Sounds of sickness: can people identify infectious disease using sounds of coughs and sneezes?
Author(s) -
Nicholas M. Michalak,
Oliver Sng,
Iris M. Wang,
Joshua M. Ackerman
Publication year - 2020
Publication title -
proceedings of the royal society b biological sciences
Language(s) - English
Resource type - Journals
SCImago Journal Rank - 2.342
H-Index - 253
eISSN - 1471-2954
pISSN - 0962-8452
DOI - 10.1098/rspb.2020.0944
Subject(s) - stimulus modality , psychology , sociality , disease , infectious disease (medical specialty) , pathogen , sensory system , audiology , medicine , cognitive psychology , immunology , biology , pathology , ecology
Cough, cough. Is that person sick, or do they just have a throat tickle? A growing body of research suggests pathogen threats shape key aspects of human sociality. However, less research has investigated specific processes involved in pathogen threat detection. Here, we examine whether perceivers can accurately detect pathogen threats using an understudied sensory modality-sound. Participants in four studies judged whether cough and sneeze sounds were produced by people infected with a communicable disease or not.
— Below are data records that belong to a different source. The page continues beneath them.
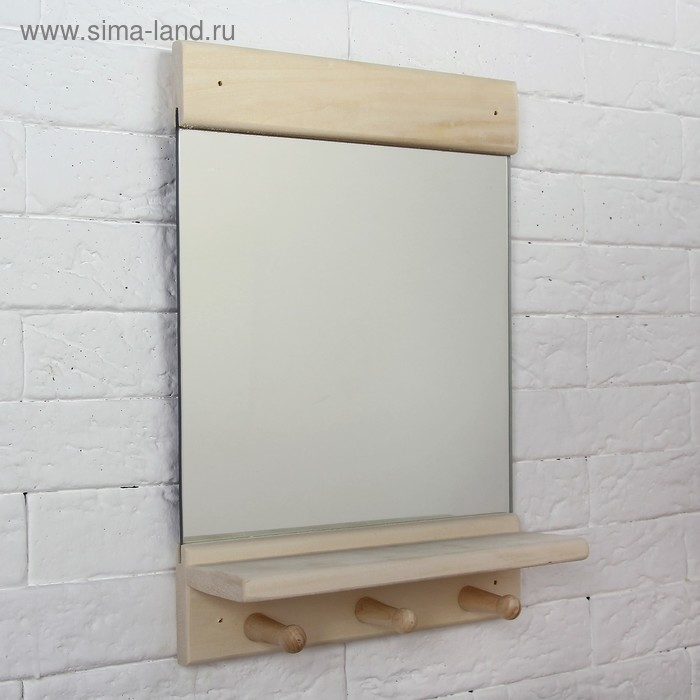 Зеркало "Резное Лесенка" с полкой 3 крючка, 75×40 см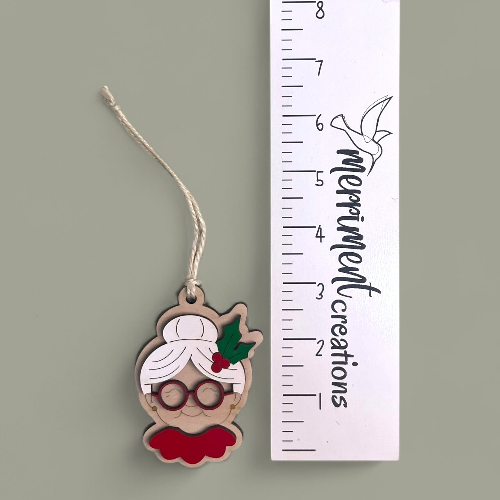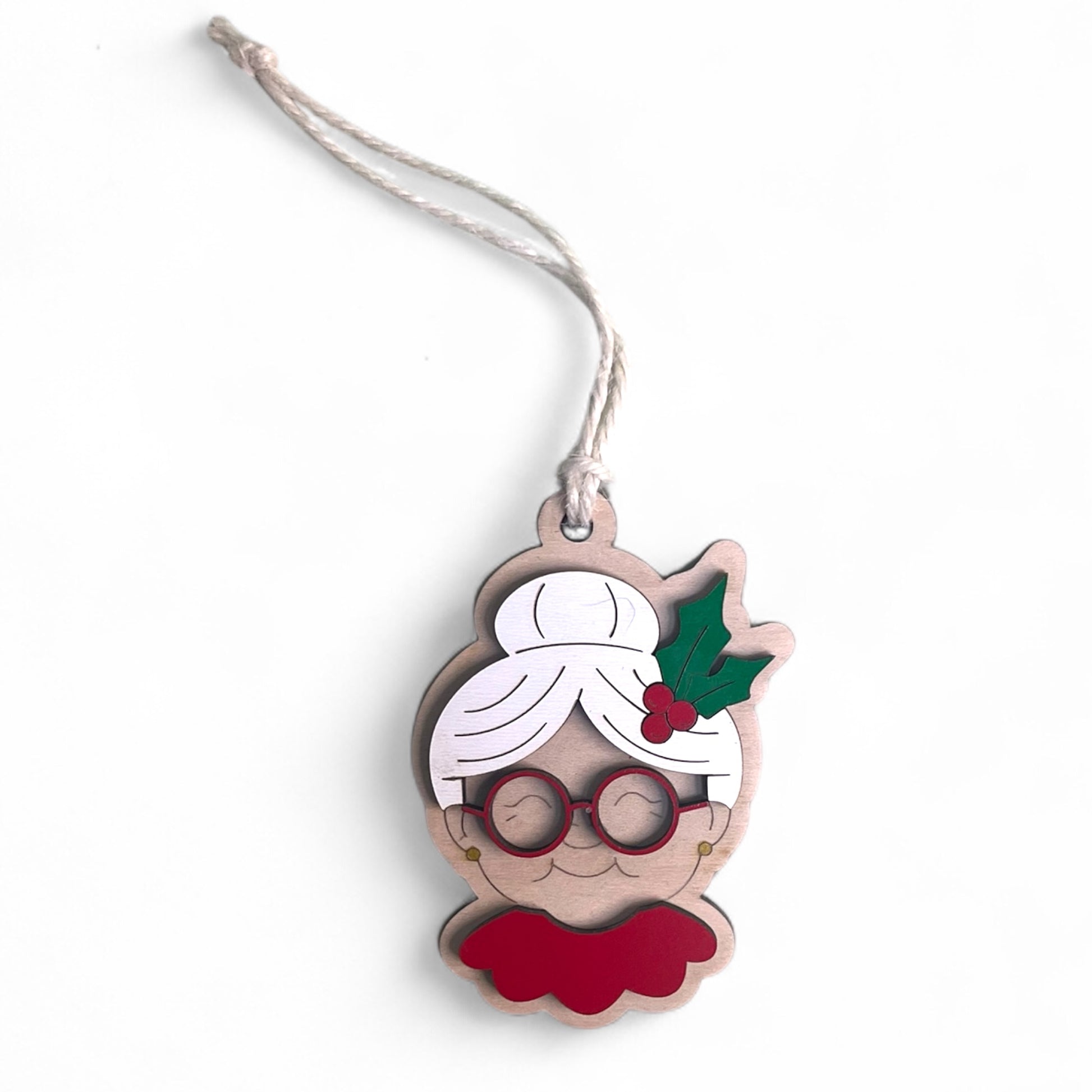 Add a touch of sweetness and holiday charm with this Mrs. Claus Wooden Ornament. Featuring her classic red glasses, cozy smile, and a sprig of holly in her hair, this cheerful ornament brings warmth and nostalgia to any Christmas tree. Handcrafted from layered wood and painted in festive colors, it’s a perfect gift for grandmas, bakers, or anyone who loves a touch of whimsy in their decor.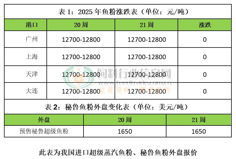 本周國內外魚粉保持弱勢,特別是進口普通級魚粉。外盤方面,當地市場買家存在壓價詢購現象,外盤價格偏弱,秘魯超級蒸汽魚粉本季預售價格為CNF參考1650美元/噸,成交議價。捕魚方面,2025年4月22日-5月17日秘魯中北部捕魚量共計1383856噸,配額完成46.13%。 同時有其他機構統計,配額已經完成過半,中北部捕魚配額有望在6月中下旬完成。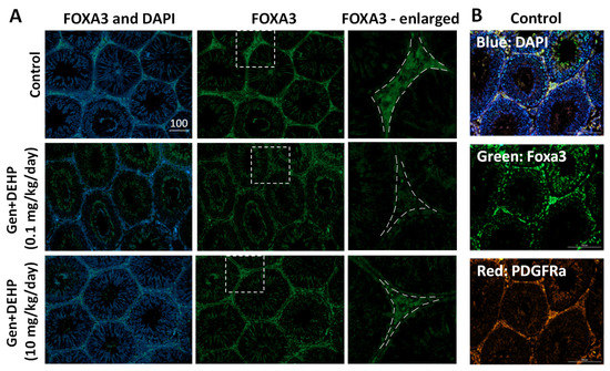 FOXA3 protein expression is decreased in testicular interstitial cells from adult rats exposed in utero to Gen + DEHP mixtures: (A) FOXA3 IF signal in testes from control rats and from rats exposed to Gen + DEHP mixture at 0.1 or 10 mg/kg/day. Left panel, merged IF images of FOXA3 (green) and DAPI nuclear staining (blue); middle column, FOXA3 IF alone; right column, magnification of white dotted inserts indicated in middle column; (B) IF colocalization of FOXA3 (green) and PDGFRa (red) in control rat testes. Representative photos are shown. Same scale in µm used for left and center columns in panel A, and in all pictures of panel B.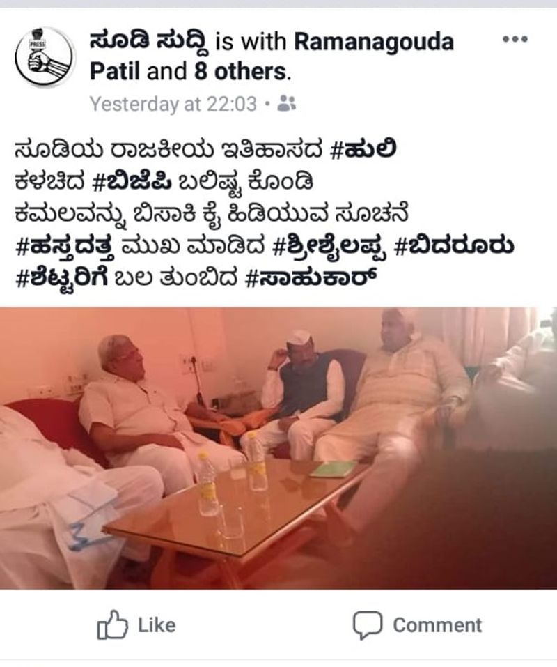 ಈಗಾಗಲೇ ಕರ್ನಾಟಕ ಕಾಂಗ್ರೆಸ್ ಪ್ರಚಾರ ಸಮಿತಿ ಅಧ್ಯಕ್ಷ ಎಚ್.ಕೆ.ಪಾಟೀಲ್ ಅವರು ಶ್ರೀಶೈಲಪ್ಪ ಜತೆ ಒಂದು ಸುತ್ತಿನ ಮಾತುಕತೆ ನಡೆಸಿದ್ದು, ಆ ಫೋಟೋ ಸಾಮಾಜಿಕ ಜಾಲತಾಣದಲ್ಲಿ ಹರಿದಾಡುತ್ತಿವುದು ಇದಕ್ಕೆ ಮತ್ತಷ್ಟು ಪುಷ್ಠಿ ನೀಡಿದಂತಾಗಿದೆ.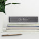 Elegant desk nameplate features your name, title, or choice of personalization in modern white hand scripted cursive lettering on a neutral gray background.
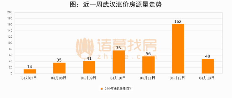 根据诸葛找房数据显示,武汉24小时涨价房源量为48套,较04月12日减少114套,环比下降70.4%。与此同时,涨价房源占比小幅回落,对于购房者来说是一个入市窗口期,购房者可抓住时机入市。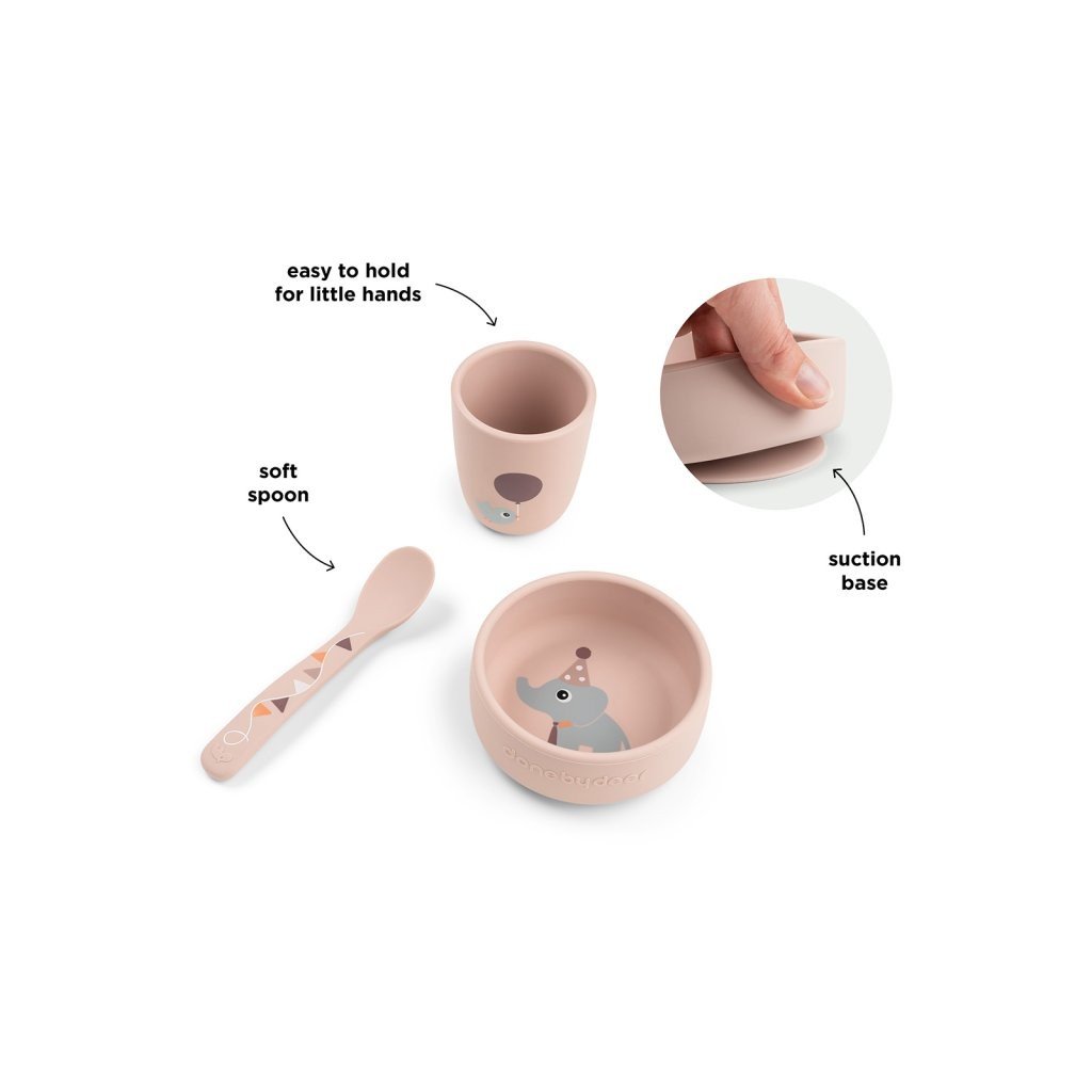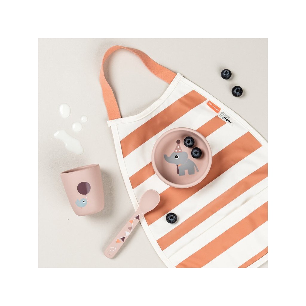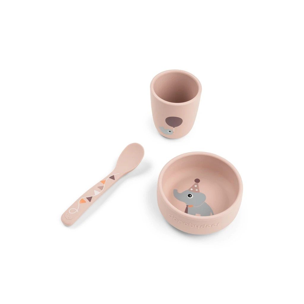 Jídelní sada obsahující misku, lžičku a mini hrnek. Přísavky na misce udrží nádobí na místě během jídla. Velikost hrnečku je akorát pro malé dětské ručičky. 100% potravinářský silikon bez obsahu BPA je bezpečný pro děti. Nádobí v jemných odstínech s detaily roztomilých Deer friends. Perfektní dárek pro malé jedlíky.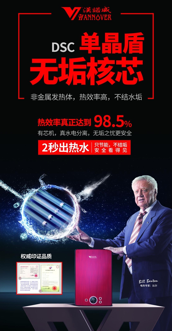 二十年來(lái),漢諾威電器堅(jiān)信“科技鑄就未來(lái)”,因而特別注重以創(chuàng)新技術(shù)實(shí)現(xiàn)產(chǎn)品性能革新,解決行業(yè)痛點(diǎn),為用戶創(chuàng)造更健康的沐浴生活。漢諾威電器集中精力突破行業(yè)技術(shù)難題,用顛覆傳統(tǒng)的“DSC單晶盾”非金屬三超水電分離發(fā)熱技術(shù)改變行業(yè)現(xiàn)狀,滿足消費(fèi)者的健康沐浴需求。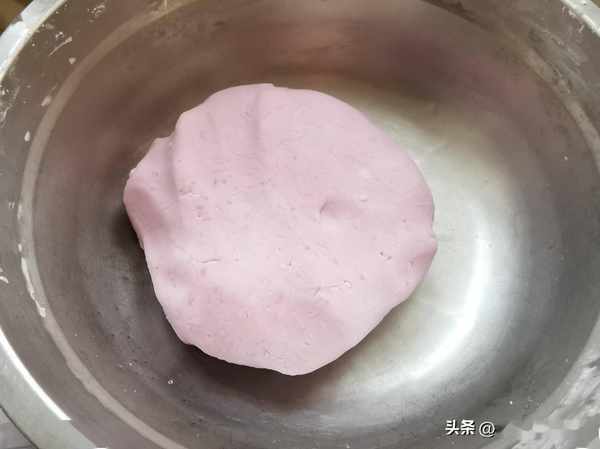 第三步:把澄粉和土豆淀粉称重加入10克玉米油,再趁热放入紫甘蓝汁,和成软硬适中的面团。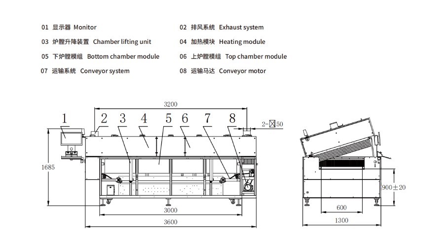 1.可选:机头机尾可凸出,凸出上炉膛外侧面尺寸300mm(整机尺寸会加长600mm)。 2.注明:根据产能要求,推荐温区数量优先选择:4温区、5温区、 8温区、9温区、10温区、12温区,可定制。 |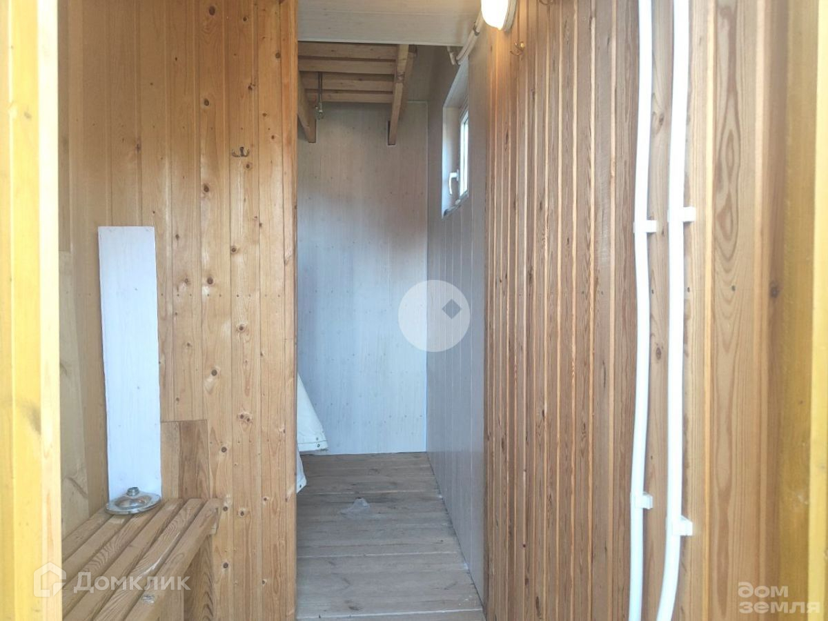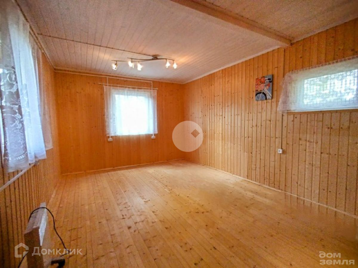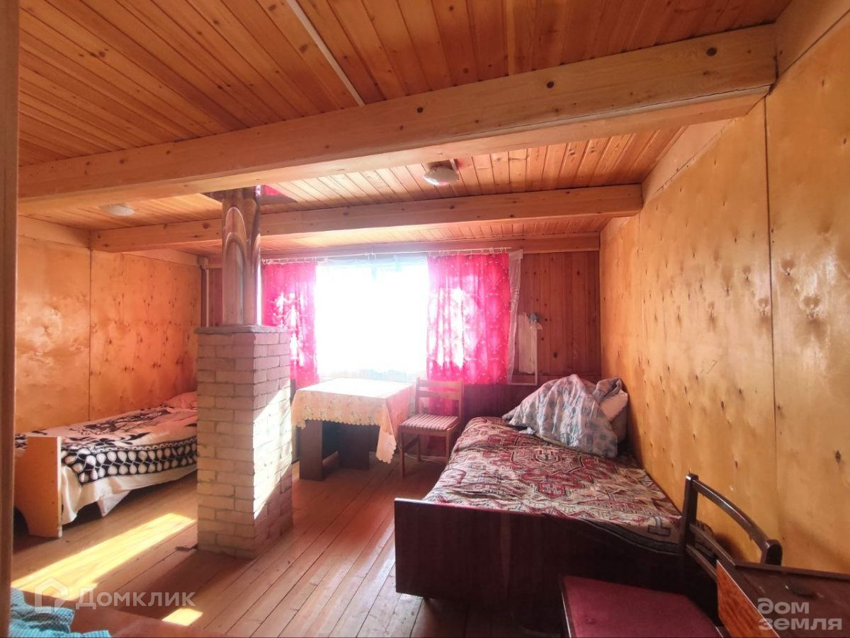 Бревенчатый  дом 1994 года постройки. Стоит на блочном фундаменте. Крыша покрыта шифером. На первом этаже  комната с кирпичной печкой, кухня и веранда. На втором этаже 1 комната. Внутренняя отделка - вагонка.

We found no evidence that participants could accurately identify the origins of these sounds. Instead, the more disgusting they perceived a sound to be, the more likely they were to judge that it came from an infected person (regardless of whether it did). Thus, unlike research indicating perceivers can accurately diagnose infection using other sensory modalities (e.g. sight, smell), we find people overperceive pathogen threat in subjectively disgusting sounds.